Bestellt und nicht abgeholt: Weil ihr Sohn Trisomie 21 hat, ließ
ein australisches Paar ihn bei der Leihmutter in Thailand zurück.
Hinkt unser Rechtssystem den gewachsenen Möglichkeiten der
Reproduktionsmedizin hinterher?

Dr. Alfred Simon: Das sehe ich keinesfalls so. Tatsächlich besteht
bei der Regelung von Leihmutterschaft in Deutschland aber noch
erheblicher Diskussionsbedarf. Derzeit ist die Leihmutterschaft
hierzulande verboten, gegen Geld allerdings auch in Australien. Ohne
eine breite gesellschaftliche Debatte sollte diese Regelung in
Deutschland aber nicht geändert werden.

Wie im Fall "Gammy" leben Leihmütter oft in der Dritten Welt, die
Auftraggeber für Kinder in der Ersten. Teilt die teure
Reproduktionsmedizin die Welt erneut, weil der Markt entscheidet?

Dr. Simon: In der Tat ist vor allem die kommerzielle
Leihmutterschaft problematisch, die nur in wenigen Ländern zulässig
ist, etwa in Indien und den USA. Sie führt mit Sicherheit dazu, dass
auch in diesem Punkt die Welt in arm und reich geteilt wird.

Was bedeutet die künstliche Zeugung für die Ordnung der Familie,
wie sie seit etwa 1800 als idealtypisch gilt?

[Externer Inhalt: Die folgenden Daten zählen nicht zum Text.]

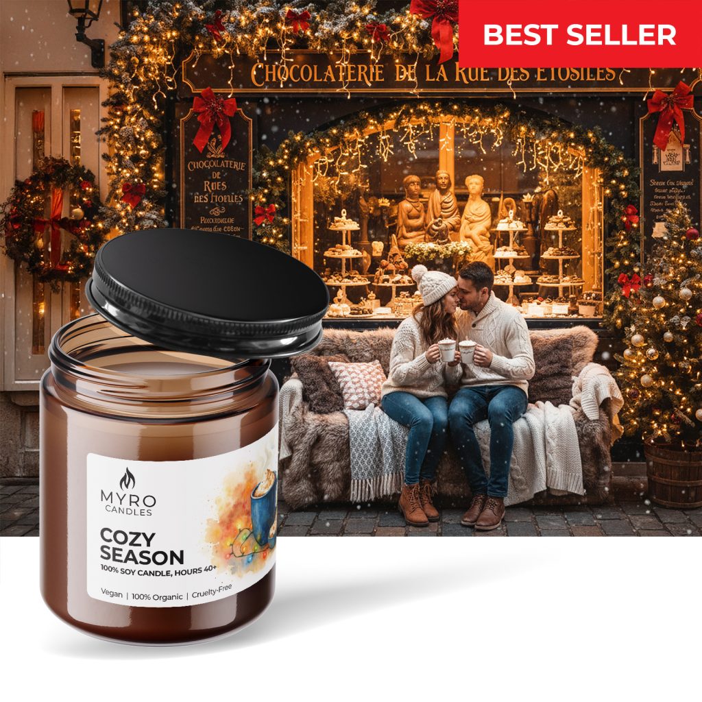 Το κερί COZY SEASON προσφέρει τη θέρμη που συνοδεύεται με το άρωμα της σοκολάτας σε συνδυασμό με συμπυκνωμένο γάλα,
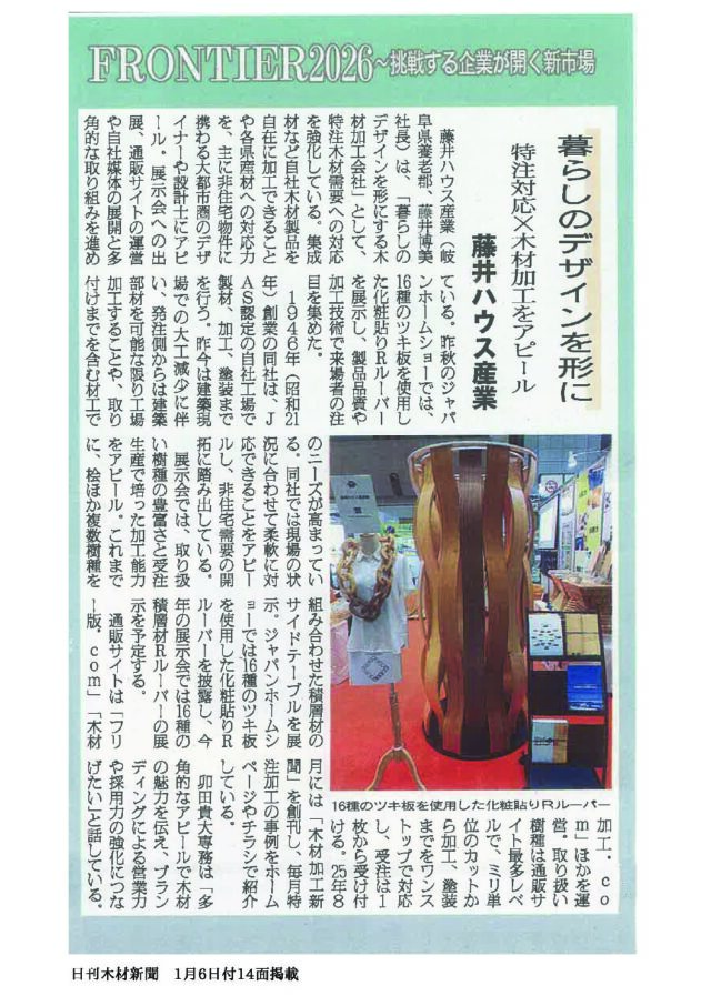 投稿日:2026.01.15 最終更新日:2026.01.16 お知らせ 日刊木材新聞掲載のお知らせ 「日刊木材新聞」に掲載されました 新春特集において、【FRONTIER2026~挑戦する企業が開く新市場】欄に、掲載していただきました。 ぜひご覧ください。 この記事をシェアする X(旧Twitter) Facebook LINE
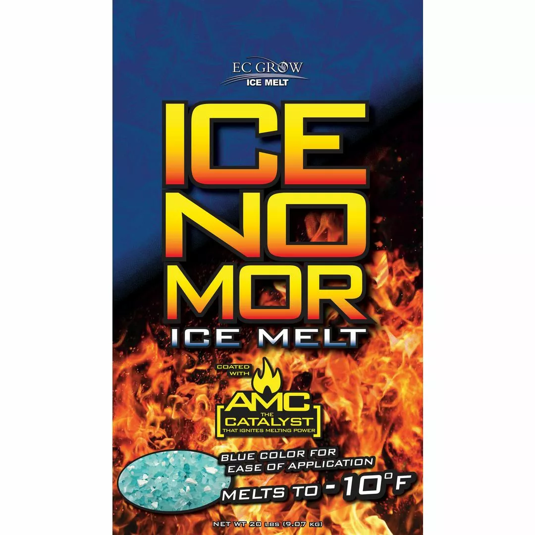 Ice No Mor brand granular ice melt is a medium sized granular particle de-icing blend of sodium chloride, calcium chloride, and magnesium chloride plus AMC. Ice No Mor is an ice melter specifically formulated for high performance melting. It will eliminate the worst ice and snow quickly and to temperatures as low as -10°F. Ice No Mor contains AMC, calcium chloride, and magnesium chloride, which work quickly to form an ice melting brine. This brine is essential for fast melting action at low temperatures. After Ice No Mor capitalizes on the fast acting materials within the blend, it then turns to sustained melting for hours after application. Ice No Mor works for extended periods of time, reducing the need to reapply product. Ice No Mor is also dyed blue, making it easy to see where the product has been placed. Ice No Mor delivers deicing speed, performance, safety, and reliability.
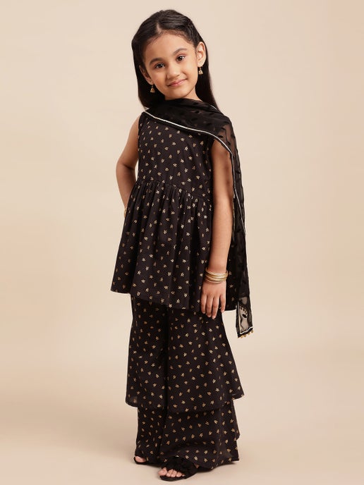 Black & Gold Print Sharara Kurti With Dupatta
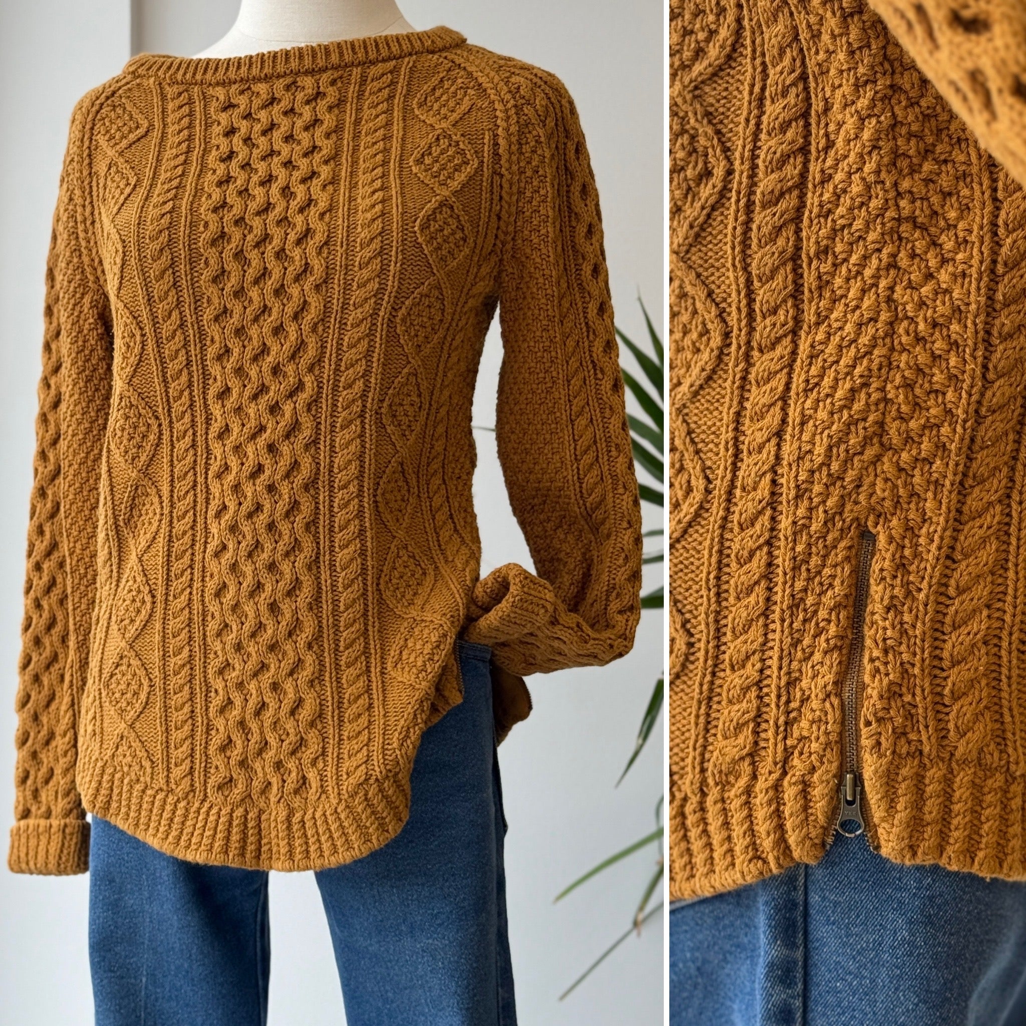 LL Bean Signature Mustard Cable Knit Sweater, XXSmall

Dr. Simon: Die Frage lässt sich nicht einfach beantworten.
Leihmutterschaft selbst gibt es seit Jahrtausenden, denken Sie nur an
die Geschichte in der Bibel von Sarah und Abraham, in der die Sklavin
Hagar quasi als Leihmutter fungiert. Von daher hat die
Leihmutterschaft als solche nicht das Potenzial, überkommenene
Familienmodelle zu zerstören. Ethische Probleme sehe ich vor allem
mit der kommerziellen Leihmutterschaft, die Probleme aufwirft, auf
die die Gesellschaft derzeit noch nicht vorbereitet ist.

Lösen die neuen Möglichkeiten einer künstlichen Fortpflanzung
statt Freiheit einen krampfhaften Zwang zur Fortpflanzung aus?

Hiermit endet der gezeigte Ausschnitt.